Algérie

Ce n'est pas moi de Sofiane Hadjadj, (Roman) - Éditions Barzakh, Alger, 2003



Eloge de la folie

«Il est bien curieux d'aimer une personne au point de désirer mourir avec elle, au moment où, précisément, c'est la vie que nous essayons d'envisager. » Cette dualité traduit la magie des paradoxes qui fait que la vie porte la mort, que l'amour peut être aliénation, et que folie n'est pas nécessairement déraison. C'est ce que traverse le second livre de Sofiane Hadjadj. Architecte de formation, Sofiane Hadjadj, qui codirige avec Selma Hellal les éditions Barzakh, passe de l'autre côté du miroir et publie un récit Ce n'est pas moi qui fait suite à un recueil de nouvelles La Loi, paru en 2000.

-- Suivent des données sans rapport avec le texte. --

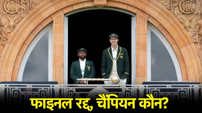 WTC 2025 Final: वर्ल्ड टेस्ट चैंपियनशिप 2025 का फाइनल मुकाबला 11 जून से ऑस्ट्रेलिया और साउथ अफ्रीका के बीच लॉर्ड्स में खेला जाएगा। साउथ अफ्रीका पहली बार फाइनल में पहुंची है ऐसे में उसके पास टेम्बा बावुमा की कप्तानी में पहली बार चैंपियन बनने का सुनहरा मौका है। वहीं अब डब्ल्यूटीसी फाइनल पर बारिश का साया मंडरा रहा है, ऐसे में अब बड़ा सवाल ये उठ रहा है कि अगर बारिश के चलते फाइनल रद्द हो जाता है तो कौनसी टीम के पास ट्रॉफी जाएगी?

L'histoire met en scène deux personnages, un homme, une femme. Un vieil homme étrange, dont on ne connaît pas le nom, qu'on appelle Professeur. Vingt-trois années passées dans un asile, sur les hauteurs de la ville d'Alger, il monologue sur la vie, les hommes, dont M., son assistant, cristallise pour lui la bêtise. Cet homme raconte sa rencontre avec une jeune femme « d'une beauté singulière ». Des visites qui lui offrent six mois de sursis, voire une seconde vie. Puis un malentendu et la séparation.
Une jeune femme, journaliste, entre ses amours saphiques à sens unique et ses « à quoi bon de vivre ? ». Elle se retrouve grâce ou à cause des résolutions de son rédacteur en chef sur le chemin de la « maison des fous », à la rencontre de cet homme mystérieux. Sous son charme maléfique, elle multiplie les visites jusqu'à l'épuisement devant son cynisme. Jusqu'à ce qu'elle sombre elle-même dans la folie. Ce récit à deux voix qui se suivent, sans jamais se croiser, met en avant deux personnes au premier plan d'une ville en guerre. L'un au crépuscule de sa vie, l'autre à la recherche de soi, se retrouvent sur la frontière qui sépare la raison de la déraison. C'est aussi l'histoire d'un impossible salut, d'une perdition inéluctable. Une histoire de saison, de rencontre qui commence en hiver pour éclore au printemps et mourir en été, suivant ainsi le cycle de la vie. Etrange façon de vivre pour ces deux-là, « la seule arme pour ne pas sombrer dans la folie ».
« Deux êtres égarés dans les paysages chimériques de l'inconscience ». Elle, entre sa soif de la mer, ses rêves étranges et son désir d'absolu. Lui, « reclus volontaire », revenu de tout et de tous, misanthrope accompli, souffre de « divagations diverses », formule qu'il emprunte à son docteur.
De ce rituel d'échanges, de ces visites qui de janvier jusqu'à juin, il troque la folie pour la résurrection. Lui parle de son enfance heureuse à Tunis, de son adolescence polissonne et de ses publications de scientifique. Elle ramène le monde dans sa claustration volontaire. Lui accepte enfin de vivre le « bonheur terrestre ». Elle finit par faire le deuil de la vie.

Au travers de ce texte et des soliloques de ses personnages, l'auteur qui ne manque pas de glisser des clins d'il assassins au monde de la presse, aux maîtres du chaâbi et aux stars du foot, pose l'éternelle question de la vie et de la mort, de la peur de l'amour, et de l'aptitude au bonheur qui sépare le monde en deux, « des gens prédisposés au bonheur et d'autres qui acceptent de nager dans les eaux troubles de l'incertitude quitte à frôler la déraison ».